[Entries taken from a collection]

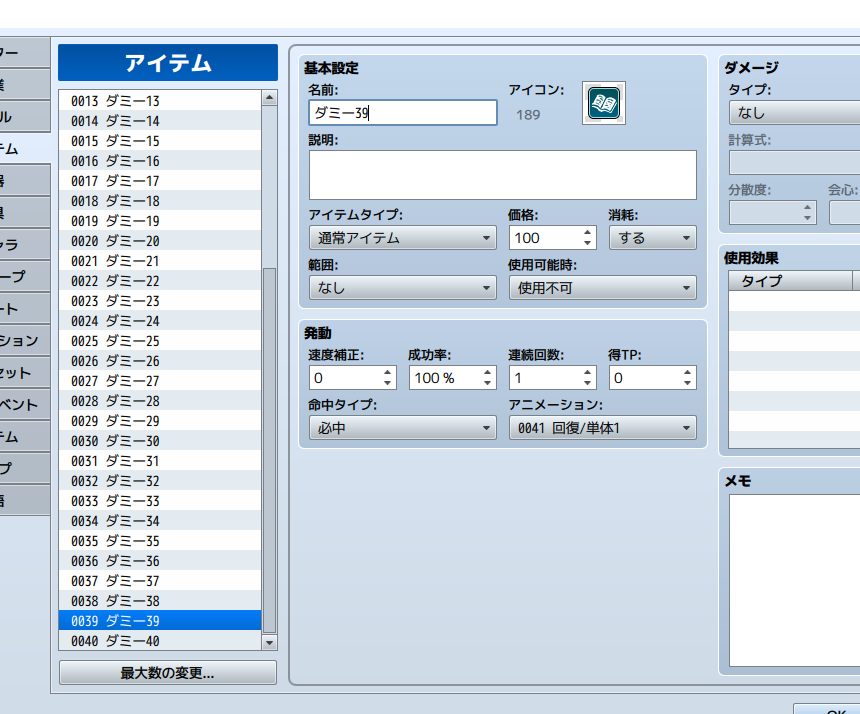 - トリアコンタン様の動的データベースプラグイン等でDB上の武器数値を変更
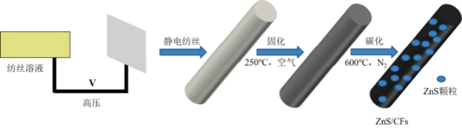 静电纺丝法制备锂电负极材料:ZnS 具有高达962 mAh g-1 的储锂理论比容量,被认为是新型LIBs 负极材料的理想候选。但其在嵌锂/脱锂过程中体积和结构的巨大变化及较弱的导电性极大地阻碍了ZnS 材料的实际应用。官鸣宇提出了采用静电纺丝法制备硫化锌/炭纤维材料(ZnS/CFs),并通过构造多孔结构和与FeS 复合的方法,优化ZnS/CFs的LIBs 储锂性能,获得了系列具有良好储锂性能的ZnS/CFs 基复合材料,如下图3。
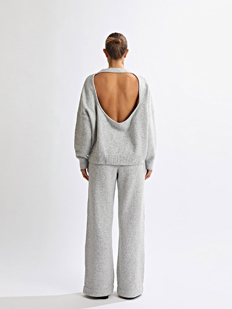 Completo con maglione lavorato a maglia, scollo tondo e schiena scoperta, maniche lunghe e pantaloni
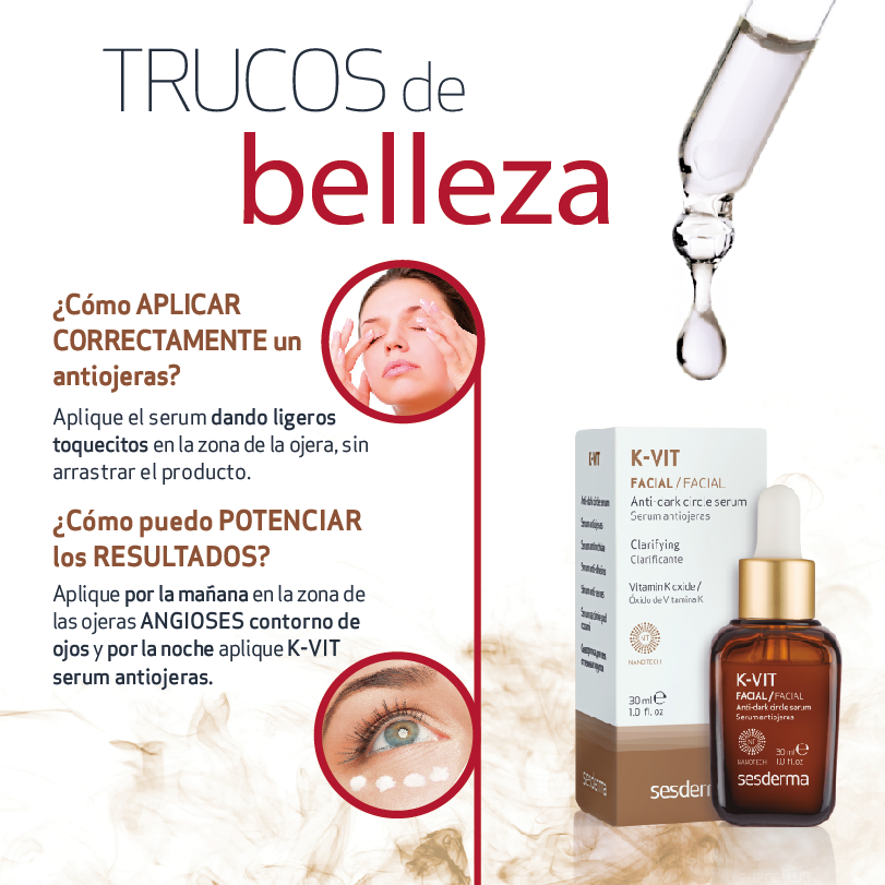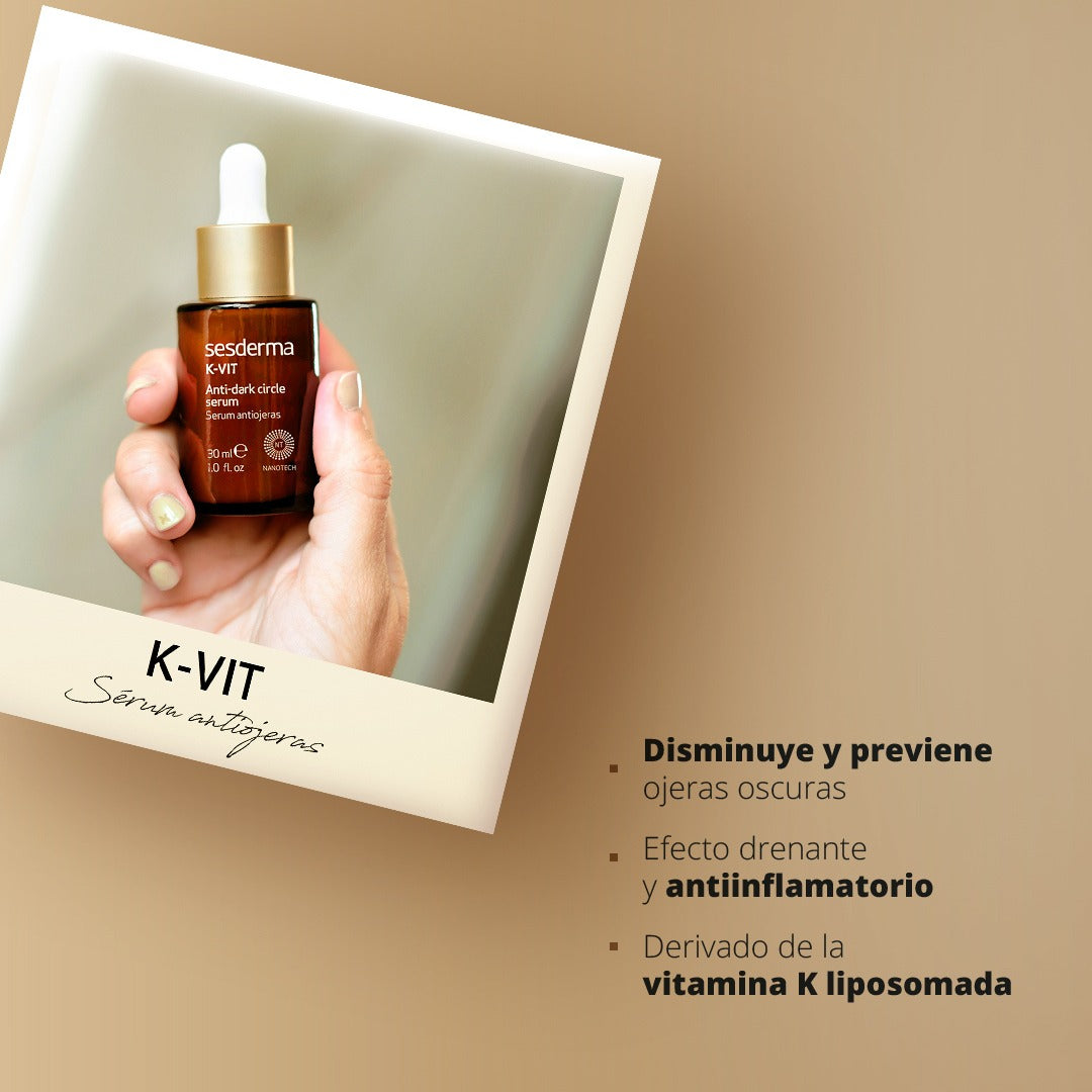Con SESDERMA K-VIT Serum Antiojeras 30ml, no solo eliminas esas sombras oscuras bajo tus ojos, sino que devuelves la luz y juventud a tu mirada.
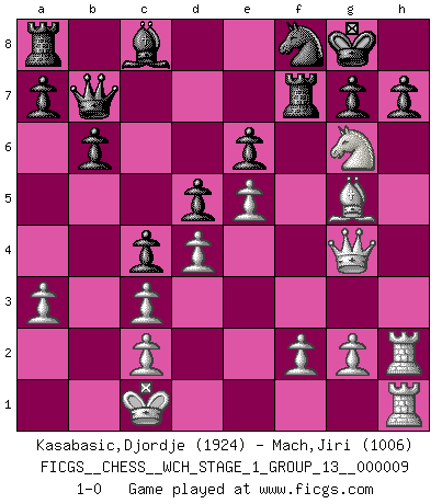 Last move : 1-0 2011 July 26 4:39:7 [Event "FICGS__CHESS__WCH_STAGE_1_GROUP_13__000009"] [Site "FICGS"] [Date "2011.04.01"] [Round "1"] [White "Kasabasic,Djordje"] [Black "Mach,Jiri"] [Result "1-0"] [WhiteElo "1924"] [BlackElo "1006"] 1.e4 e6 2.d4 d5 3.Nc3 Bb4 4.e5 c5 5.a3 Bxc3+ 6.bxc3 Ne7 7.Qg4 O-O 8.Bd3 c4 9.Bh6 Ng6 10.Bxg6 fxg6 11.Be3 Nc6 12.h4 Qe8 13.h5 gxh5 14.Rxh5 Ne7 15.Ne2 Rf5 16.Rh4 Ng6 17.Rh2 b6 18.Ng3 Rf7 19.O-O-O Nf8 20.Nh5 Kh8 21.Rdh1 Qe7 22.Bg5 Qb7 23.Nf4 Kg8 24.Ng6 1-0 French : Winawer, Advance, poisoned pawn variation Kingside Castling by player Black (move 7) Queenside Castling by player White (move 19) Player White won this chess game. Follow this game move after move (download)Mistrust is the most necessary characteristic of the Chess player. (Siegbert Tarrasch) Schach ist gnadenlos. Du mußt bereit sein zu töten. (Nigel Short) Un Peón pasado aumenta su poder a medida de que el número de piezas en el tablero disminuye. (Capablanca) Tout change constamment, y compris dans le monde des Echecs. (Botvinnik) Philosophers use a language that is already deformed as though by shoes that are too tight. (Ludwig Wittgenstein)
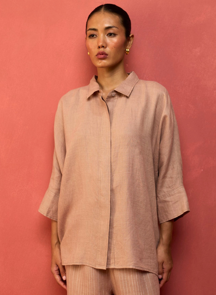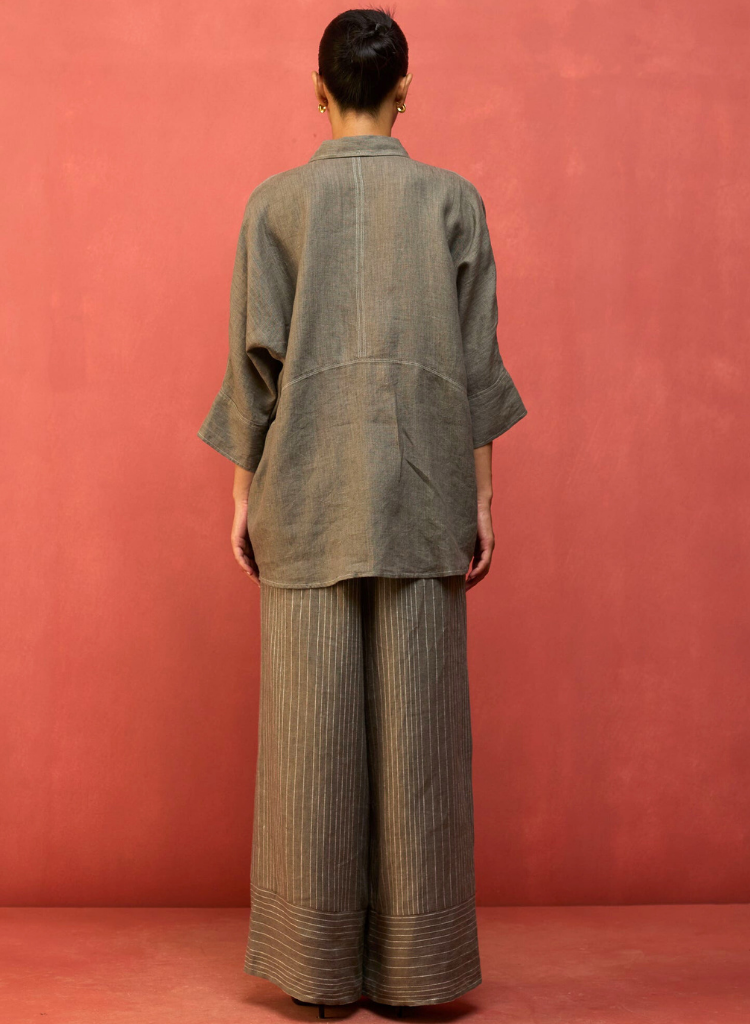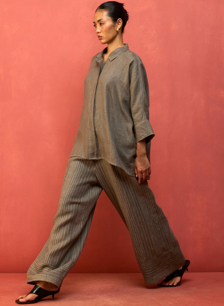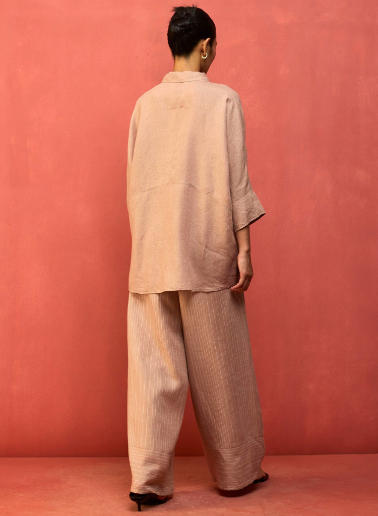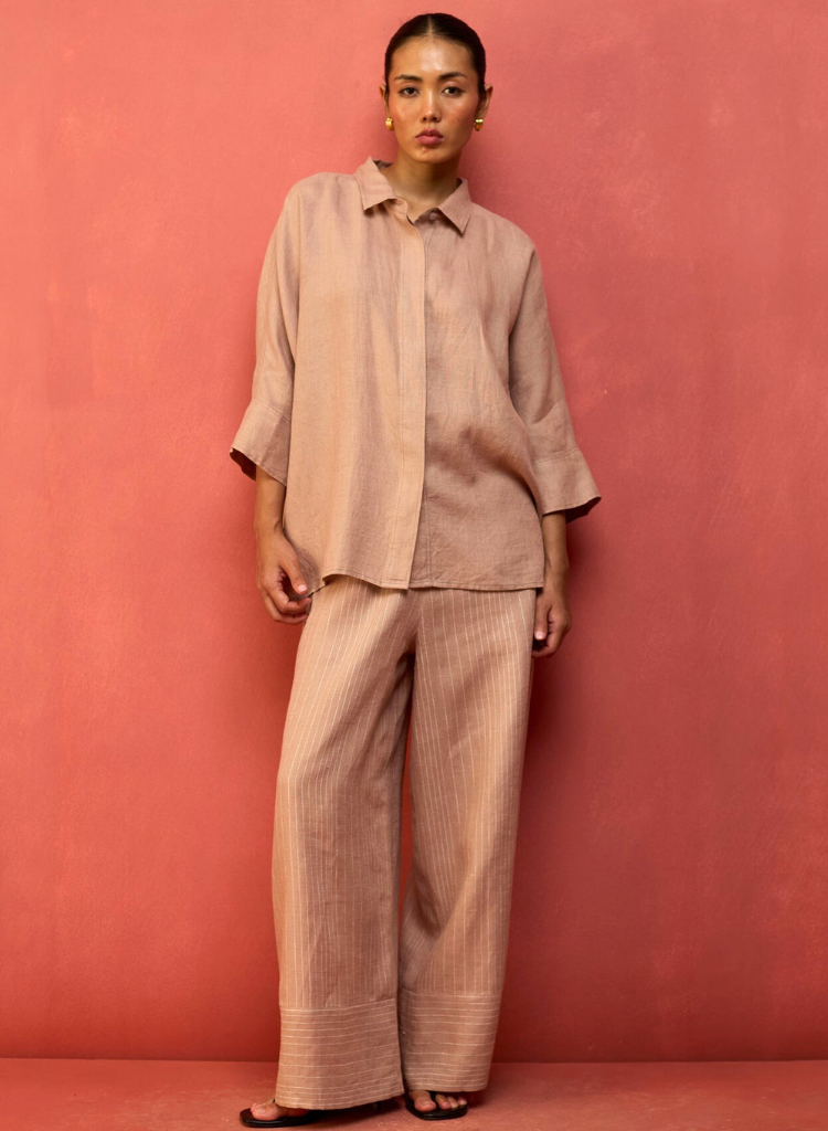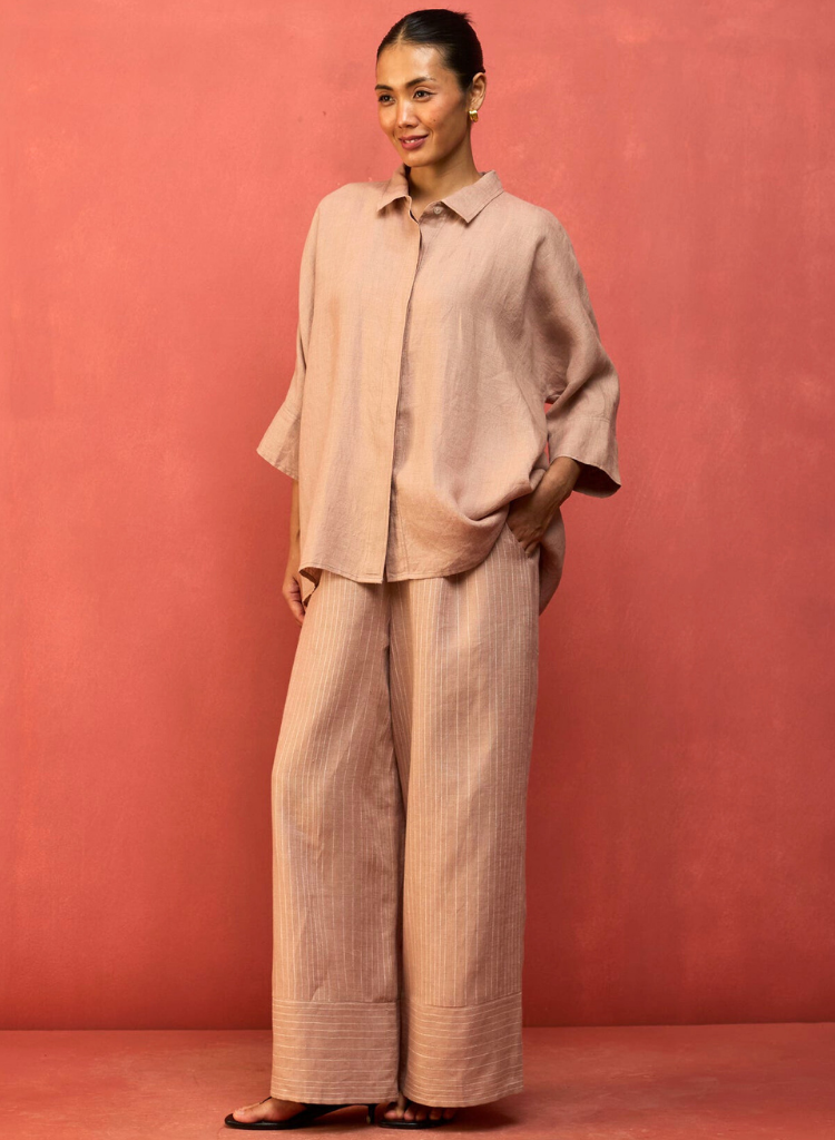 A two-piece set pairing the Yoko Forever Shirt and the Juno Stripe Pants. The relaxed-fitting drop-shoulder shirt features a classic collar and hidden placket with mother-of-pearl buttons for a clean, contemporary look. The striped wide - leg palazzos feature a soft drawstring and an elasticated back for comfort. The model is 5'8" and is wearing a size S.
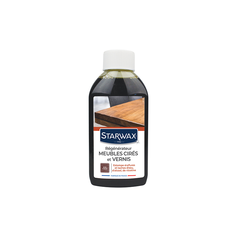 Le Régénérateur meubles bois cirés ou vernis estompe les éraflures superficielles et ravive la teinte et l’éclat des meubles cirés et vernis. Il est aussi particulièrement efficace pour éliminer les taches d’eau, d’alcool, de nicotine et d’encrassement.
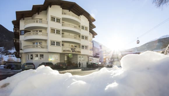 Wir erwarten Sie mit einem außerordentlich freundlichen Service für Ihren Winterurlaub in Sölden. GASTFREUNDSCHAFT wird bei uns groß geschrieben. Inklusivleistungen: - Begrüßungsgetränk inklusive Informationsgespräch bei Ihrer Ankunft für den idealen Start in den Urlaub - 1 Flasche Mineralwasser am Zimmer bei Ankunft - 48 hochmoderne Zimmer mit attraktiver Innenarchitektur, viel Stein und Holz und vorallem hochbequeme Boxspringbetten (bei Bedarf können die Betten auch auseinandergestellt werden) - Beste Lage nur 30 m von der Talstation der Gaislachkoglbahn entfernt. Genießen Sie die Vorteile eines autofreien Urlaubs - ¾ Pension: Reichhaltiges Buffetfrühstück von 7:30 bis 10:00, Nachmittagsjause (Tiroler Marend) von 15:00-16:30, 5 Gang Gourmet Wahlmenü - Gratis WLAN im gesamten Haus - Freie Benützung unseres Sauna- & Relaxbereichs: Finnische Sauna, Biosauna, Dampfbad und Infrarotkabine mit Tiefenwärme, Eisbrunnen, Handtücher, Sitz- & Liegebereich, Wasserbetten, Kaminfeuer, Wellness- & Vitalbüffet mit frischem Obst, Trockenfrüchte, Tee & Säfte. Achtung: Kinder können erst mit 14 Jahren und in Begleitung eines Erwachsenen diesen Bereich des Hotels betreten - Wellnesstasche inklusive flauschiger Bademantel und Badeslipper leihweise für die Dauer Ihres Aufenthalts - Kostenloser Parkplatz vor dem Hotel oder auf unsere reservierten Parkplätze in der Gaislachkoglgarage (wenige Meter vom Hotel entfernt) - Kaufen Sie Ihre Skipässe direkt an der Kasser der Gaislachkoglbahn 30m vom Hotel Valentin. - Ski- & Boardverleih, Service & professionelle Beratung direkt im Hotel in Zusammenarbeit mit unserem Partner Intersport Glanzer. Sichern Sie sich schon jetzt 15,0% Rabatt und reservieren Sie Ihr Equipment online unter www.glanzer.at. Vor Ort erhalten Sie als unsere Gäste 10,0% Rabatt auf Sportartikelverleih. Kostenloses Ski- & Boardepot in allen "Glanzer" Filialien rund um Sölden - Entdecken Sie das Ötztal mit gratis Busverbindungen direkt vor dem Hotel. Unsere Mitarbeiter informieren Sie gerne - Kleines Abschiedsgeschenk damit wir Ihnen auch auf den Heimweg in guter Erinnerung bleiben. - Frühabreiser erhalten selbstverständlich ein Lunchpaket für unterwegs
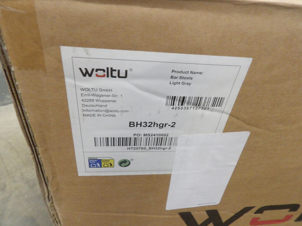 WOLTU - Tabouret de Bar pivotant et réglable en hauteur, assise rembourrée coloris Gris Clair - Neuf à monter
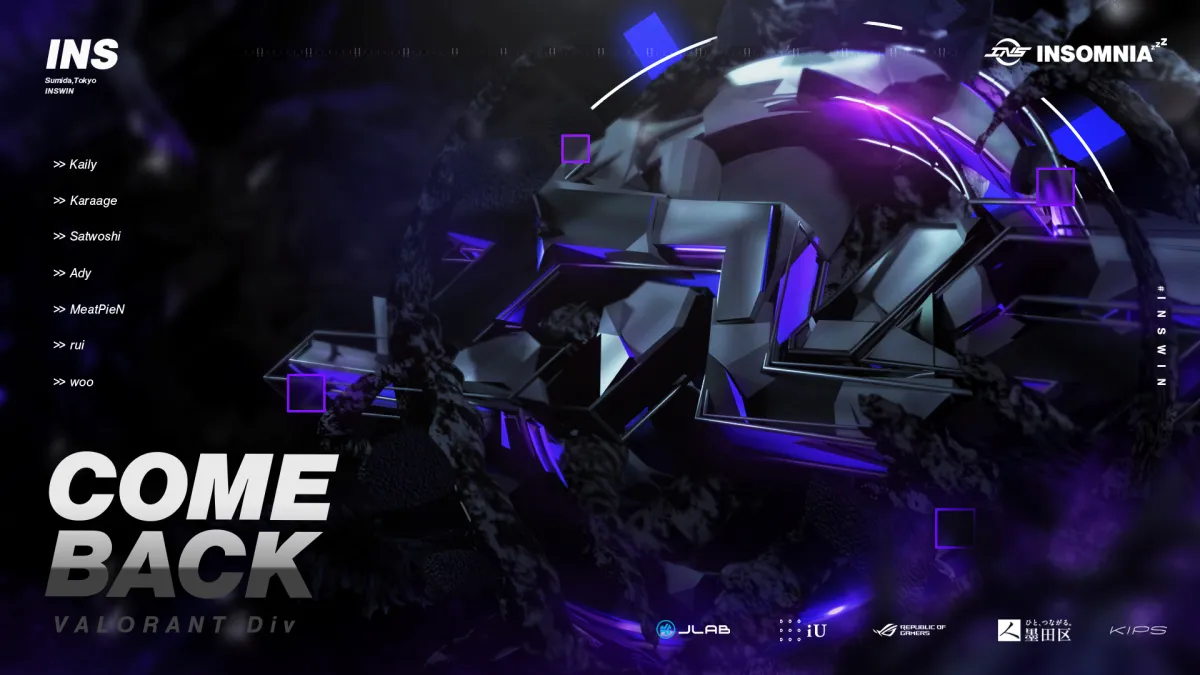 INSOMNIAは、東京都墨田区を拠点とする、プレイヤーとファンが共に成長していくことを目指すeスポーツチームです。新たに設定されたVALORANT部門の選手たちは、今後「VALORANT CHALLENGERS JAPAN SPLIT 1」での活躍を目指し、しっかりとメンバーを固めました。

WORK TO COMPLETE:
In the reply, give again exactly the lines from the beginning of the entries above through the line with "静电纺丝法制备锂电负极材料:ZnS 具有高达962 mAh"; pictures stay out.

SOLVED PROBLEM:
 - トリアコンタン様の動的データベースプラグイン等でDB上の武器数値を変更
 静电纺丝法制备锂电负极材料:ZnS 具有高达962 mAh g-1 的储锂理论比容量,被认为是新型LIBs 负极材料的理想候选。但其在嵌锂/脱锂过程中体积和结构的巨大变化及较弱的导电性极大地阻碍了ZnS 材料的实际应用。官鸣宇提出了采用静电纺丝法制备硫化锌/炭纤维材料(ZnS/CFs),并通过构造多孔结构和与FeS 复合的方法,优化ZnS/CFs的LIBs 储锂性能,获得了系列具有良好储锂性能的ZnS/CFs 基复合材料,如下图3。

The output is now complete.